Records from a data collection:
= Beginning of Section =

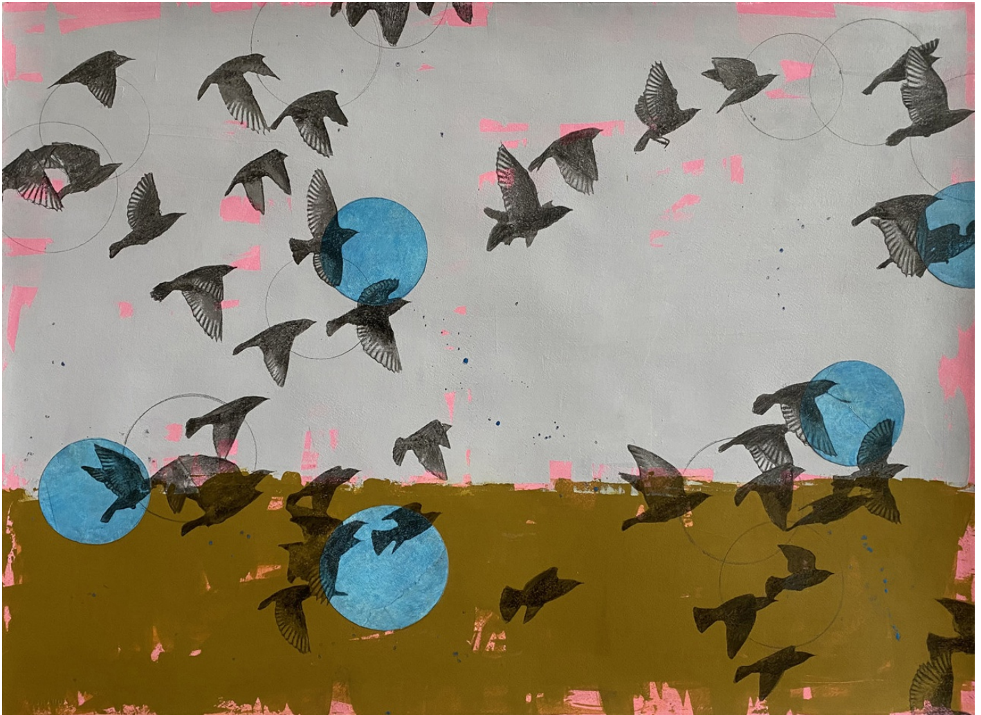
Signed on verso Mixed media on Arches paper 22 x 30 in. (HH112)
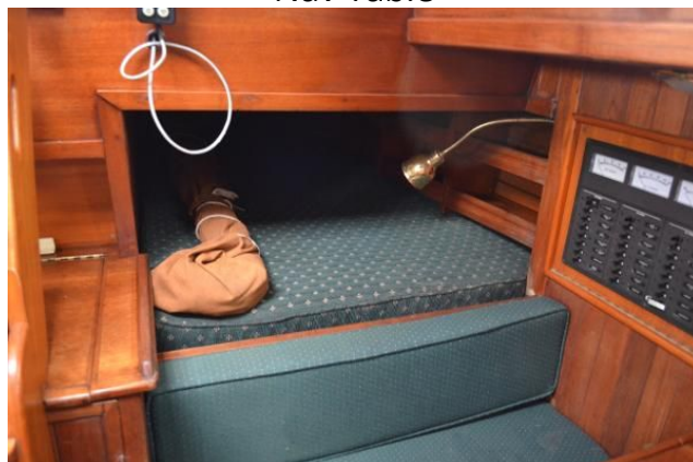
Quarter Berth Behind
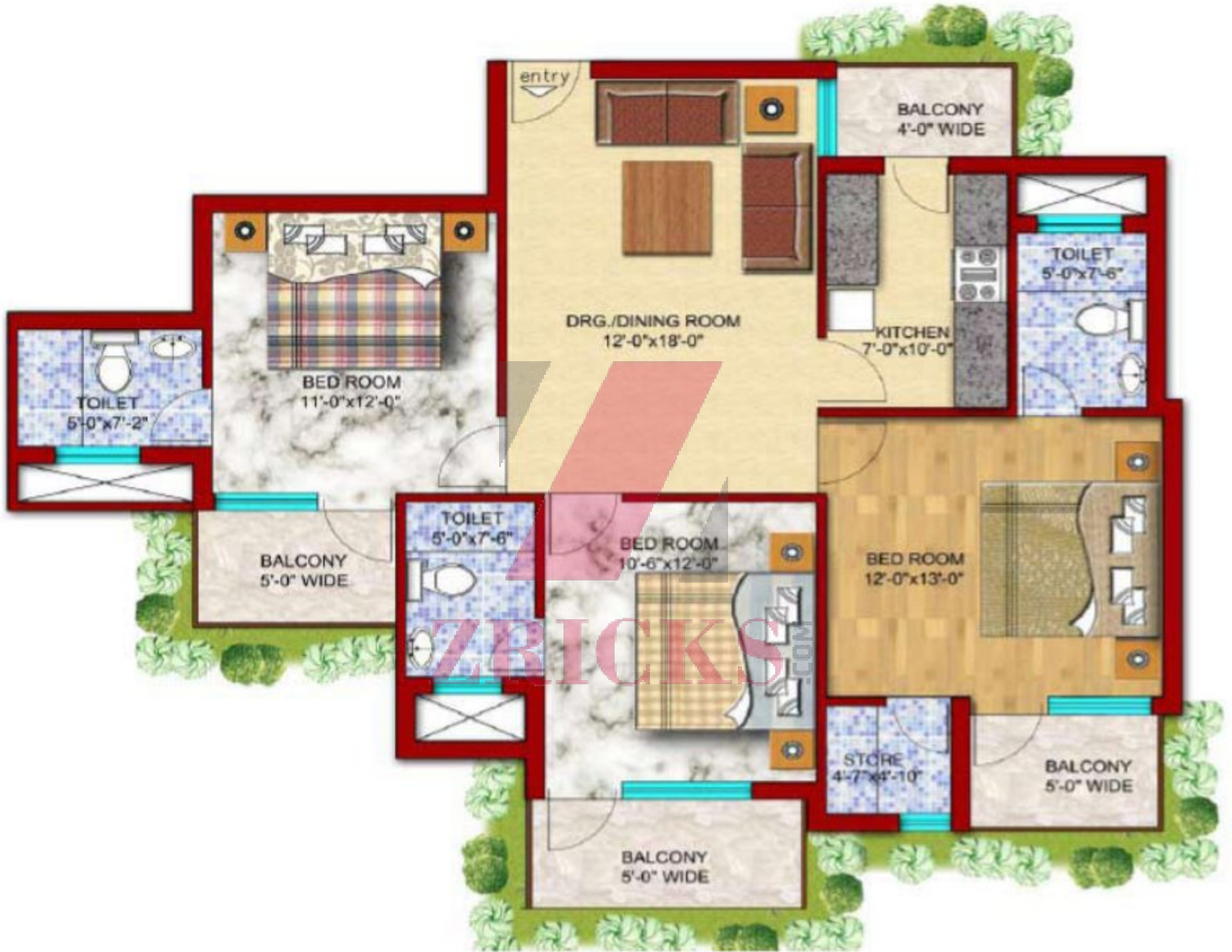
3 BHK 1350 SQFT Super Area
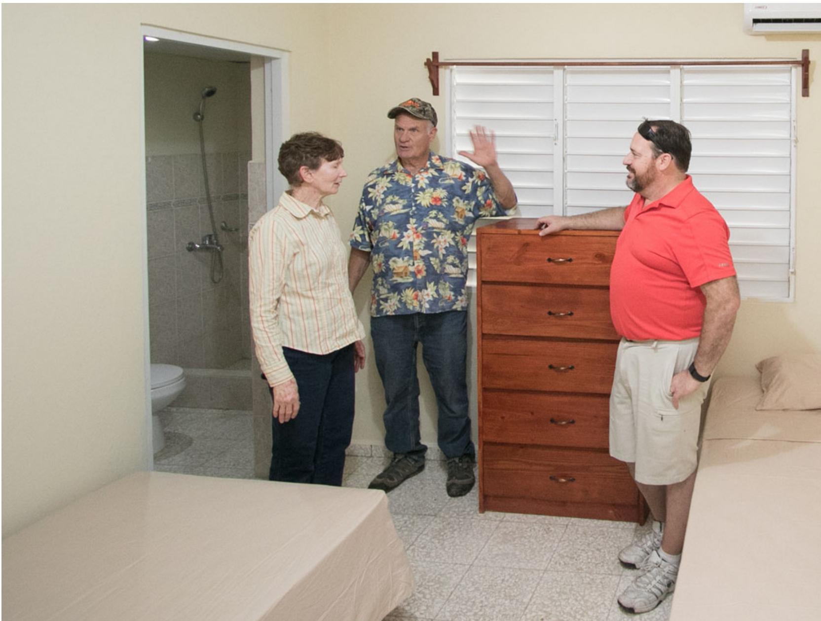
February 2016 Santana, Baní
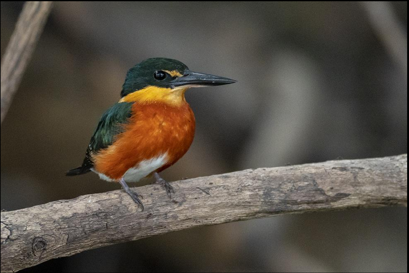
From the same Hotel Pantanal Mato Grosso we took two boat rides that gave us great photography opportunities. On the menu were superb birds like this American Pygmy-Kingfisher (above) and the always charismatic Black-capped Donacobius which loves the floating vegetation along the river. That day we saw all 5 kingfisher species too
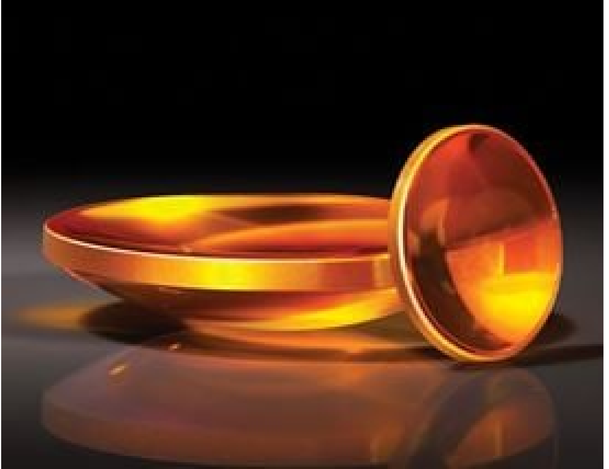
TECHSPEC Zinc Selenide (ZnSe) Aspheric Lenses
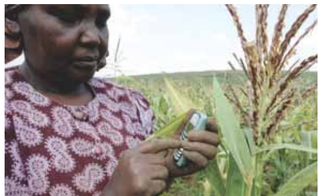
Figure 2: Cellphone technology assists African farmers
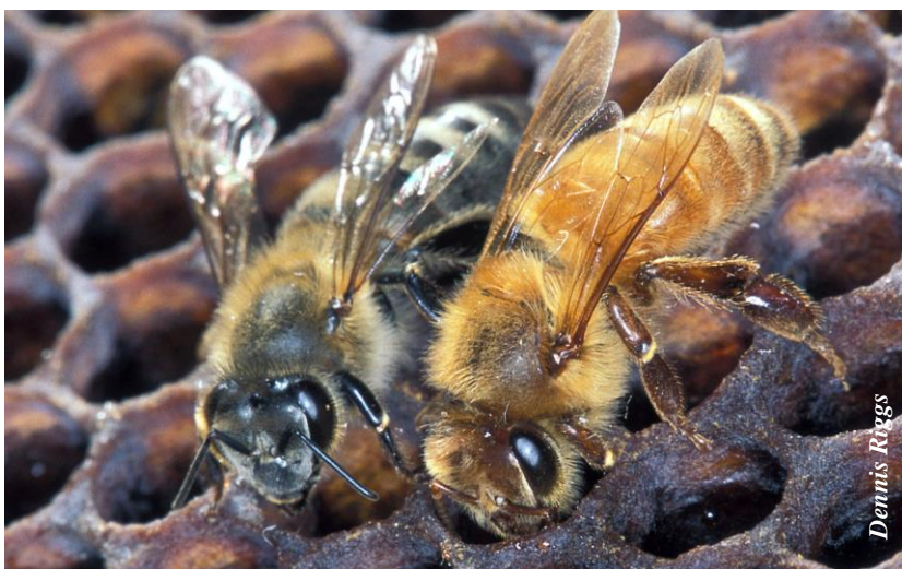
Figure 3. Africanized honey bee (left) and western honey bee (right)

The hive also contains eggs, larvae ("brood") and pupae in various stages of development (Fig. 5). Newly mated young queens leave their home colony with a group of workers to form a new colony, in a process called " swarming " and the group is called a " swarm ".
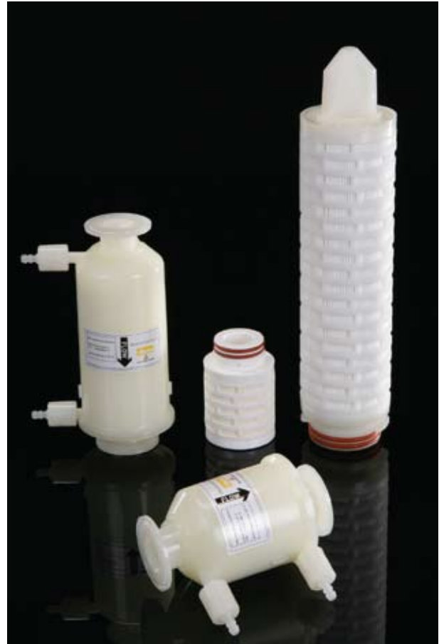
Note: PEPLYN is a registered trademark of Parker domnick hunter
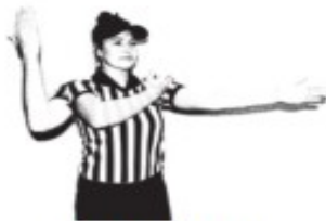
ROUGH CHECK/ ILLEGAL CHECK ON BODY
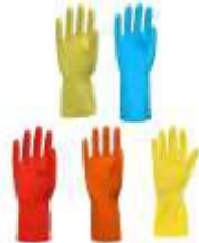
LATEX GLOVES C-325
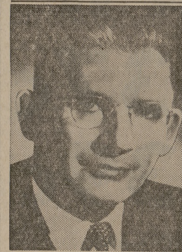
U. S. Senator Paul H. Douglas

THE GREAT ISSUES COMMITTEE OF THE MEMORIAL STUDENT CENTER
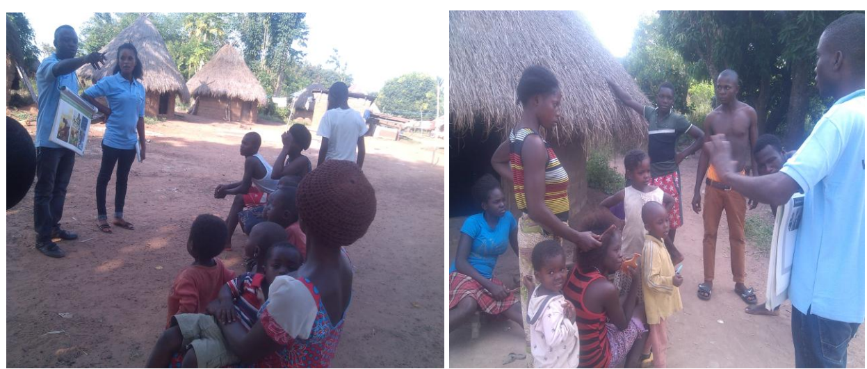
Fig. 8: IPC Conductor facilitating House to House session in Tse – Unande community
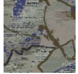
2021 25 D

= End of Section =

**WHAT YOU HAVE TO DO**
The records above need to be copied exactly, with the pictures left out.

**EXPECTED ANSWER**
Signed on verso Mixed media on Arches paper 22 x 30 in. (HH112)
Quarter Berth Behind
3 BHK 1350 SQFT Super Area
February 2016 Santana, Baní
From the same Hotel Pantanal Mato Grosso we took two boat rides that gave us great photography opportunities. On the menu were superb birds like this American Pygmy-Kingfisher (above) and the always charismatic Black-capped Donacobius which loves the floating vegetation along the river. That day we saw all 5 kingfisher species too
TECHSPEC Zinc Selenide (ZnSe) Aspheric Lenses
Figure 2: Cellphone technology assists African farmers
Figure 3. Africanized honey bee (left) and western honey bee (right)

The hive also contains eggs, larvae ("brood") and pupae in various stages of development (Fig. 5). Newly mated young queens leave their home colony with a group of workers to form a new colony, in a process called " swarming " and the group is called a " swarm ".
Note: PEPLYN is a registered trademark of Parker domnick hunter
ROUGH CHECK/ ILLEGAL CHECK ON BODY
LATEX GLOVES C-325
U. S. Senator Paul H. Douglas

THE GREAT ISSUES COMMITTEE OF THE MEMORIAL STUDENT CENTER
Fig. 8: IPC Conductor facilitating House to House session in Tse – Unande community
2021 25 D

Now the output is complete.